Copy the listing exactly; drop the pictures.

Given records:

_ _ _

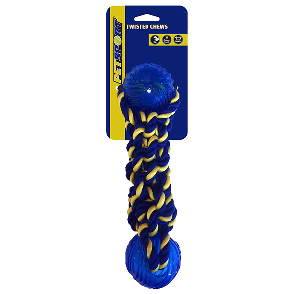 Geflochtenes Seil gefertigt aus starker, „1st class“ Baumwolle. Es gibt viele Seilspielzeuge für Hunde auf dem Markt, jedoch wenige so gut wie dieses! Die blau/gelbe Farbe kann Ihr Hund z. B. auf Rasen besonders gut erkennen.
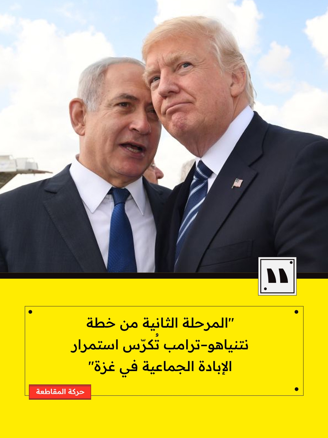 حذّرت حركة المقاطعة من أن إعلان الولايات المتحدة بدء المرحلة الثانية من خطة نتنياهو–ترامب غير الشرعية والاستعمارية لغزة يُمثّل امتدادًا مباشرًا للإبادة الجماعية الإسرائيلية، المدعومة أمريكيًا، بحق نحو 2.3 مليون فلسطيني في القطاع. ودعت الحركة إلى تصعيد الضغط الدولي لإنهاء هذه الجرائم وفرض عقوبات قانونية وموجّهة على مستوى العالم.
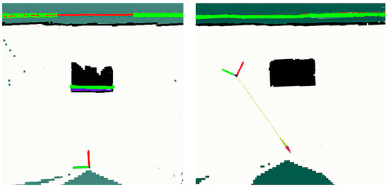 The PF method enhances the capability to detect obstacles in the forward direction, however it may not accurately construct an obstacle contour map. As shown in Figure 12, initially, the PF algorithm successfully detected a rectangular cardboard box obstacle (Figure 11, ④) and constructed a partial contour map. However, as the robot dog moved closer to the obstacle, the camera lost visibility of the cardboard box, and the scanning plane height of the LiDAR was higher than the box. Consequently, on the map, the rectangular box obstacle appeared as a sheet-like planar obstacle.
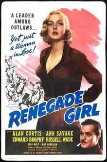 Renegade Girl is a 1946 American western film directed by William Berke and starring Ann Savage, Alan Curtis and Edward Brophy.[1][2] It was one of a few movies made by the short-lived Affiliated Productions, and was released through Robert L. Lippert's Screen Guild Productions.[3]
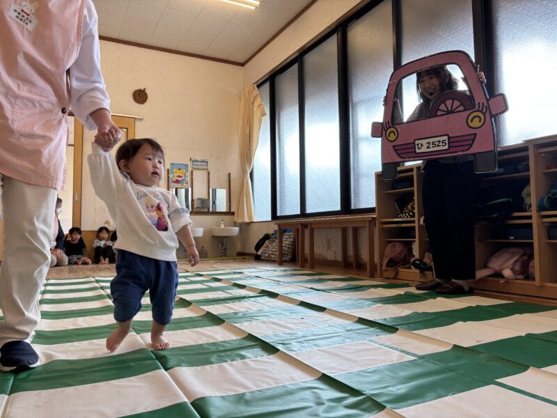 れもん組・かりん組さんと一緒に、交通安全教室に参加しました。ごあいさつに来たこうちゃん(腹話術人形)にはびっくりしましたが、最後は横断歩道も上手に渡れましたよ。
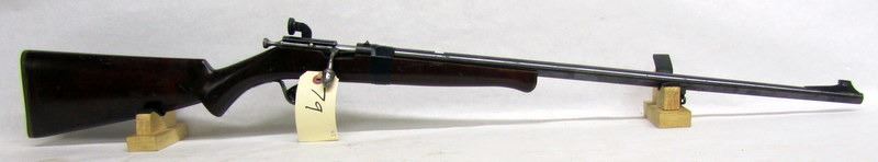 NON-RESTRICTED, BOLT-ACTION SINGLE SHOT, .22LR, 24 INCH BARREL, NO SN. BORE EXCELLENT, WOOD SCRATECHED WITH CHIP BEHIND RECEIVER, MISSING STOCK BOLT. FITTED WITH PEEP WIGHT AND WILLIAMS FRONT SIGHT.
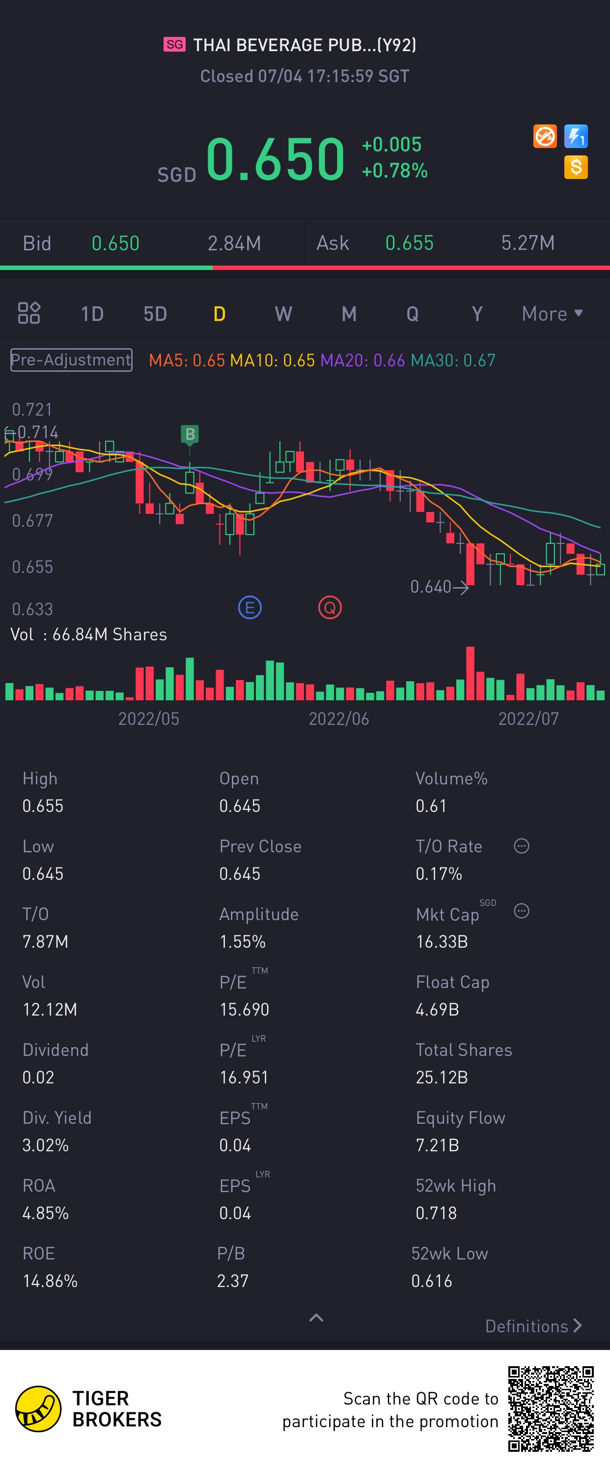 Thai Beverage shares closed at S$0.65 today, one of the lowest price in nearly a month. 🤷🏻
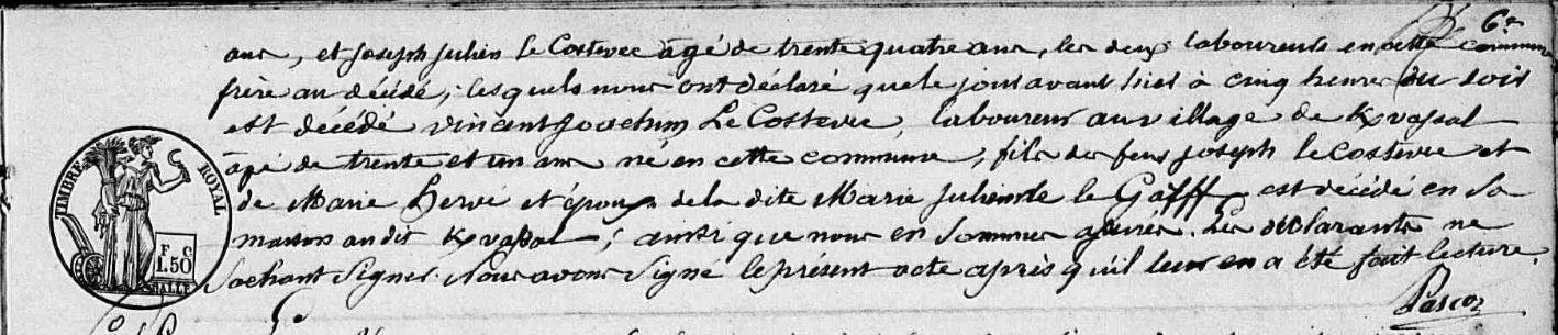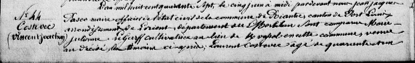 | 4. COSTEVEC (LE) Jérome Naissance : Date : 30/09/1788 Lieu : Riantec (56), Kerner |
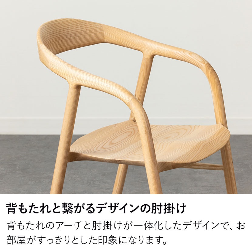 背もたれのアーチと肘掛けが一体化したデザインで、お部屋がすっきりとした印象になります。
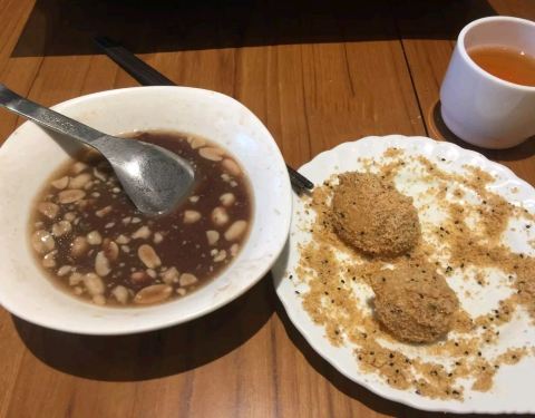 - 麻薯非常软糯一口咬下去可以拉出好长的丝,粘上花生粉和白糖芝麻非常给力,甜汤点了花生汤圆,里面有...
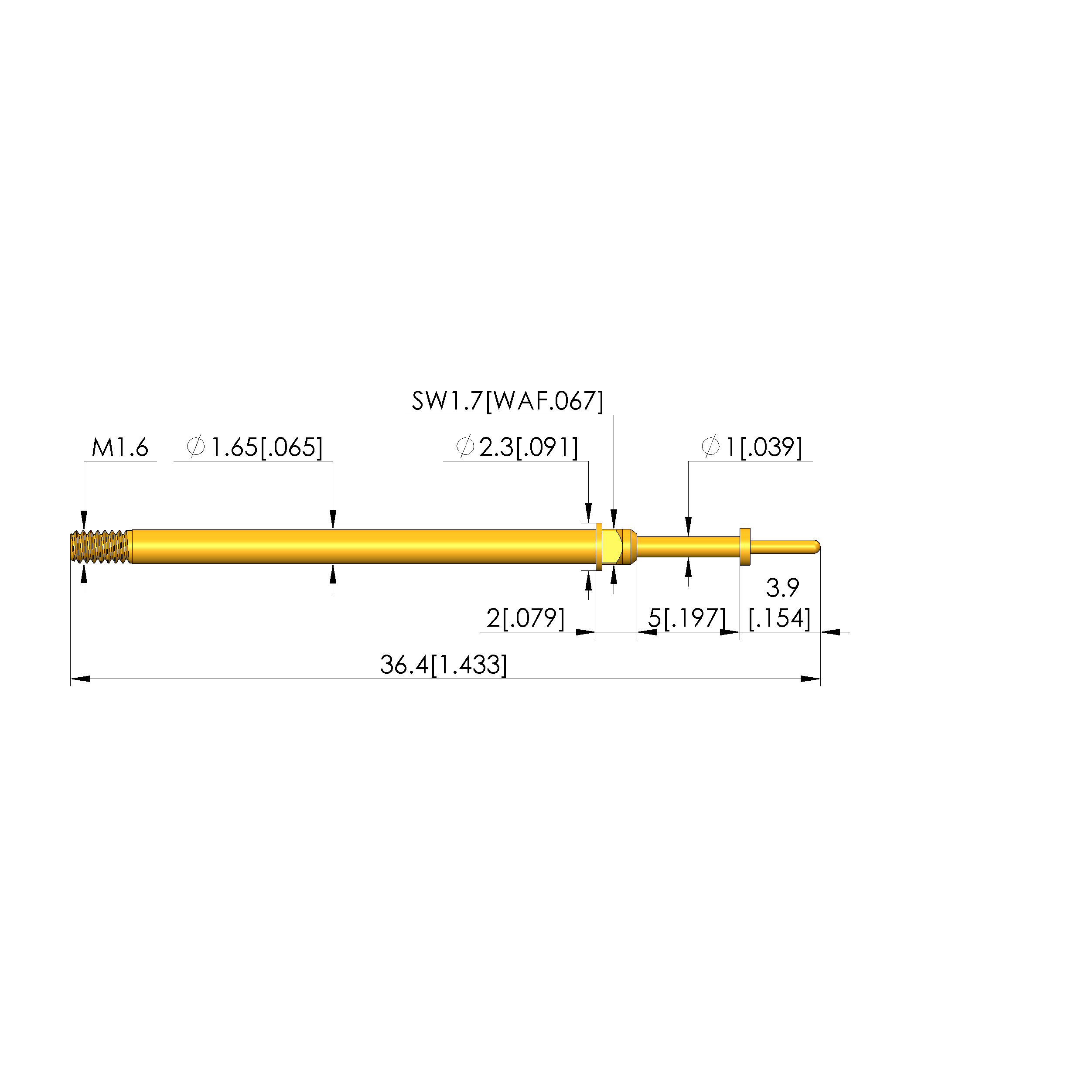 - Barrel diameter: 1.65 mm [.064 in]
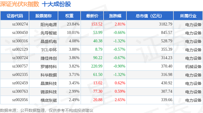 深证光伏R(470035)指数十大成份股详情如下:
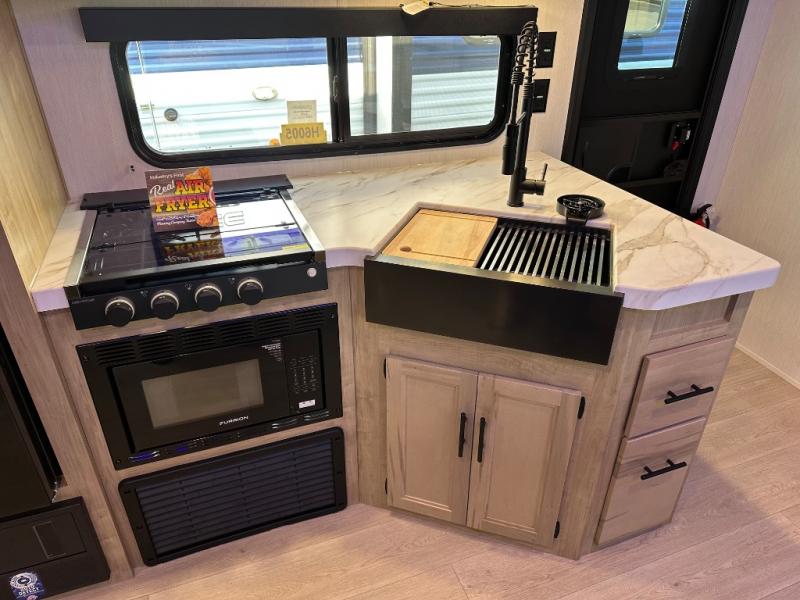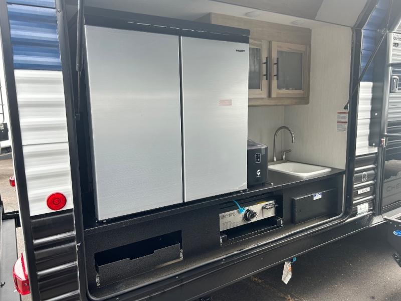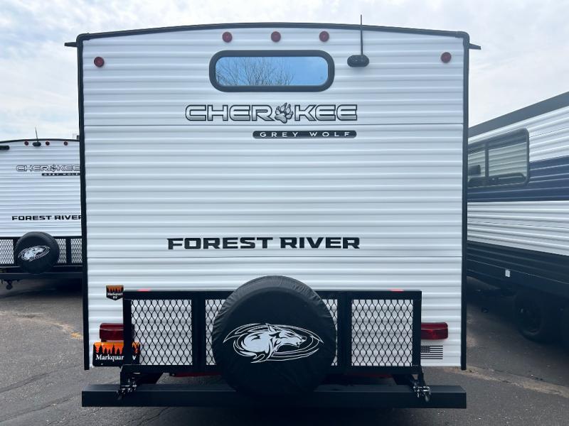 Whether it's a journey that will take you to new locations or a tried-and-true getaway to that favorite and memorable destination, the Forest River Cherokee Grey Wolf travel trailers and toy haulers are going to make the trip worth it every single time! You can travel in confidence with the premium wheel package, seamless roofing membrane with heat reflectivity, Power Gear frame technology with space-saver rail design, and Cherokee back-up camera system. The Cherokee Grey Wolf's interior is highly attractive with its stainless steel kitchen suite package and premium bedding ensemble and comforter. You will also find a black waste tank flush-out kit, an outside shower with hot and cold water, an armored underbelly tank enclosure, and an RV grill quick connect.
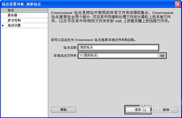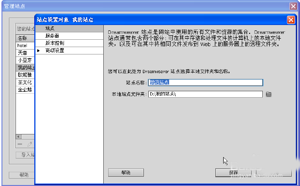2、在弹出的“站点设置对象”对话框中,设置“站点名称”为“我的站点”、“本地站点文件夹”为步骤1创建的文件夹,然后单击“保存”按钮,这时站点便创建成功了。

_ _ _

Task solution:
 Geflochtenes Seil gefertigt aus starker, „1st class“ Baumwolle. Es gibt viele Seilspielzeuge für Hunde auf dem Markt, jedoch wenige so gut wie dieses! Die blau/gelbe Farbe kann Ihr Hund z. B. auf Rasen besonders gut erkennen.
 حذّرت حركة المقاطعة من أن إعلان الولايات المتحدة بدء المرحلة الثانية من خطة نتنياهو–ترامب غير الشرعية والاستعمارية لغزة يُمثّل امتدادًا مباشرًا للإبادة الجماعية الإسرائيلية، المدعومة أمريكيًا، بحق نحو 2.3 مليون فلسطيني في القطاع. ودعت الحركة إلى تصعيد الضغط الدولي لإنهاء هذه الجرائم وفرض عقوبات قانونية وموجّهة على مستوى العالم.
 The PF method enhances the capability to detect obstacles in the forward direction, however it may not accurately construct an obstacle contour map. As shown in Figure 12, initially, the PF algorithm successfully detected a rectangular cardboard box obstacle (Figure 11, ④) and constructed a partial contour map. However, as the robot dog moved closer to the obstacle, the camera lost visibility of the cardboard box, and the scanning plane height of the LiDAR was higher than the box. Consequently, on the map, the rectangular box obstacle appeared as a sheet-like planar obstacle.
 Renegade Girl is a 1946 American western film directed by William Berke and starring Ann Savage, Alan Curtis and Edward Brophy.[1][2] It was one of a few movies made by the short-lived Affiliated Productions, and was released through Robert L. Lippert's Screen Guild Productions.[3]
 れもん組・かりん組さんと一緒に、交通安全教室に参加しました。ごあいさつに来たこうちゃん(腹話術人形)にはびっくりしましたが、最後は横断歩道も上手に渡れましたよ。
 NON-RESTRICTED, BOLT-ACTION SINGLE SHOT, .22LR, 24 INCH BARREL, NO SN. BORE EXCELLENT, WOOD SCRATECHED WITH CHIP BEHIND RECEIVER, MISSING STOCK BOLT. FITTED WITH PEEP WIGHT AND WILLIAMS FRONT SIGHT.
 Thai Beverage shares closed at S$0.65 today, one of the lowest price in nearly a month. 🤷🏻
 | 4. COSTEVEC (LE) Jérome Naissance : Date : 30/09/1788 Lieu : Riantec (56), Kerner |
 背もたれのアーチと肘掛けが一体化したデザインで、お部屋がすっきりとした印象になります。
 - 麻薯非常软糯一口咬下去可以拉出好长的丝,粘上花生粉和白糖芝麻非常给力,甜汤点了花生汤圆,里面有...
 - Barrel diameter: 1.65 mm [.064 in]
 深证光伏R(470035)指数十大成份股详情如下:
 Whether it's a journey that will take you to new locations or a tried-and-true getaway to that favorite and memorable destination, the Forest River Cherokee Grey Wolf travel trailers and toy haulers are going to make the trip worth it every single time! You can travel in confidence with the premium wheel package, seamless roofing membrane with heat reflectivity, Power Gear frame technology with space-saver rail design, and Cherokee back-up camera system. The Cherokee Grey Wolf's interior is highly attractive with its stainless steel kitchen suite package and premium bedding ensemble and comforter. You will also find a black waste tank flush-out kit, an outside shower with hot and cold water, an armored underbelly tank enclosure, and an RV grill quick connect.
2、在弹出的“站点设置对象”对话框中,设置“站点名称”为“我的站点”、“本地站点文件夹”为步骤1创建的文件夹,然后单击“保存”按钮,这时站点便创建成功了。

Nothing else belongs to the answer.